Study material >>
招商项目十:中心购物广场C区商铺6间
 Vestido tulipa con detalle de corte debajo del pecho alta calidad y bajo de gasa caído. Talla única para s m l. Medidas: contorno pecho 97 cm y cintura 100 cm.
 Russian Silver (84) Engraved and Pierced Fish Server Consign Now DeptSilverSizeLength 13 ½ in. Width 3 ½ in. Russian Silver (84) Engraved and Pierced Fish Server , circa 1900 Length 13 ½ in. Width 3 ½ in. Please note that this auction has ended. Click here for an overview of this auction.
...
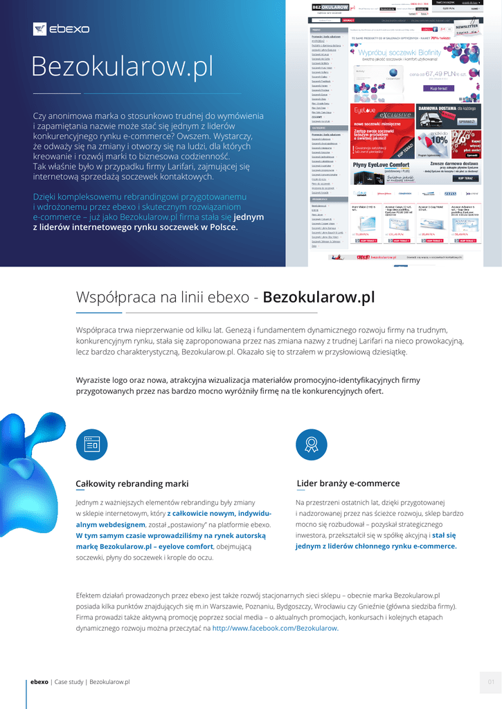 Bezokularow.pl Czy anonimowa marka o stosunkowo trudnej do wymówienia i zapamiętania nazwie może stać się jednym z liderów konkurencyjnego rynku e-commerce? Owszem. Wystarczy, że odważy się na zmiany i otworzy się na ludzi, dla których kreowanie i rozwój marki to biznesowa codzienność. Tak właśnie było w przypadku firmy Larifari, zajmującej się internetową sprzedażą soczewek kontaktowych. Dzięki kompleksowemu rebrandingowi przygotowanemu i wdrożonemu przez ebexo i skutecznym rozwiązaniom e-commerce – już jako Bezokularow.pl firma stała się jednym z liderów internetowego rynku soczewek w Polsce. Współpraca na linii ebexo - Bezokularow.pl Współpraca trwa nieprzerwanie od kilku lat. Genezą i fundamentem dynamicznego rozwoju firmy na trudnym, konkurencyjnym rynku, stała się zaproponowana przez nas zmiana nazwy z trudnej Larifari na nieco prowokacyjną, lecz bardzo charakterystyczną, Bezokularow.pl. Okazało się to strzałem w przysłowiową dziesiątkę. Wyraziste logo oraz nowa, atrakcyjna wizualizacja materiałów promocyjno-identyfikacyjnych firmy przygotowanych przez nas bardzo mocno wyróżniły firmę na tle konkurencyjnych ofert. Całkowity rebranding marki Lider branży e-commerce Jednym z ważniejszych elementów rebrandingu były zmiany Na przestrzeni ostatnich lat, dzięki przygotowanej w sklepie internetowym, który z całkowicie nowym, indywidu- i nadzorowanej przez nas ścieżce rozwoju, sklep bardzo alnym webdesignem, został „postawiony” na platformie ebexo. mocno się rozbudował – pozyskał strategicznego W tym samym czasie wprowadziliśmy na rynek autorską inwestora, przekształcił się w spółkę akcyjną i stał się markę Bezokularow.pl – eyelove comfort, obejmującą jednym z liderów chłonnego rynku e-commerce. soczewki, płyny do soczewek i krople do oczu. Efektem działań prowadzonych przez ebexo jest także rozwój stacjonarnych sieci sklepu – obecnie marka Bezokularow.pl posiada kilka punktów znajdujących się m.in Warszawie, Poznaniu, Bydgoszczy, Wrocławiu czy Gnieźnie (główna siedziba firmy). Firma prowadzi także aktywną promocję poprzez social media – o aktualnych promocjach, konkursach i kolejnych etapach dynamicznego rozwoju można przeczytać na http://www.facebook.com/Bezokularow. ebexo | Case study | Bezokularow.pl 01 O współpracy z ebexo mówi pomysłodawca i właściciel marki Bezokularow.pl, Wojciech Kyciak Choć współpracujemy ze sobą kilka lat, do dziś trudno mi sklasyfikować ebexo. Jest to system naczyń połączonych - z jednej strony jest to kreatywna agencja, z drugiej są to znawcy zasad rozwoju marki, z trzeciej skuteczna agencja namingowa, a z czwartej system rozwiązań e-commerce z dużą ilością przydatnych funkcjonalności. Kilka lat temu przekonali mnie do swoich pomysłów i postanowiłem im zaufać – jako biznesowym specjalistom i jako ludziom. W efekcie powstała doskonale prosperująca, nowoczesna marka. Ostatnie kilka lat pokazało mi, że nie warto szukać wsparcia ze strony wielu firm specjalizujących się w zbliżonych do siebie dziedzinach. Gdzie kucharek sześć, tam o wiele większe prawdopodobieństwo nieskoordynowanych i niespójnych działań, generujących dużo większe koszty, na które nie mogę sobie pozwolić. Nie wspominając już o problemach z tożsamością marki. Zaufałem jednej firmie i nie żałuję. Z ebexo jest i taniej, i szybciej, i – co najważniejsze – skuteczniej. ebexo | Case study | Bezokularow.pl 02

The task >> A verbatim transcription is needed of the lines above, starting at the line with "招商项目十:中心购物广场C区商铺6间" and ending at the line with "Russian Silver (84) Engraved and Pierced Fish Server Consign", both included, and of nothing else.

Exercise output >>
招商项目十:中心购物广场C区商铺6间
 Vestido tulipa con detalle de corte debajo del pecho alta calidad y bajo de gasa caído. Talla única para s m l. Medidas: contorno pecho 97 cm y cintura 100 cm.
 Russian Silver (84) Engraved and Pierced Fish Server Consign Now DeptSilverSizeLength 13 ½ in. Width 3 ½ in. Russian Silver (84) Engraved and Pierced Fish Server , circa 1900 Length 13 ½ in. Width 3 ½ in. Please note that this auction has ended. Click here for an overview of this auction.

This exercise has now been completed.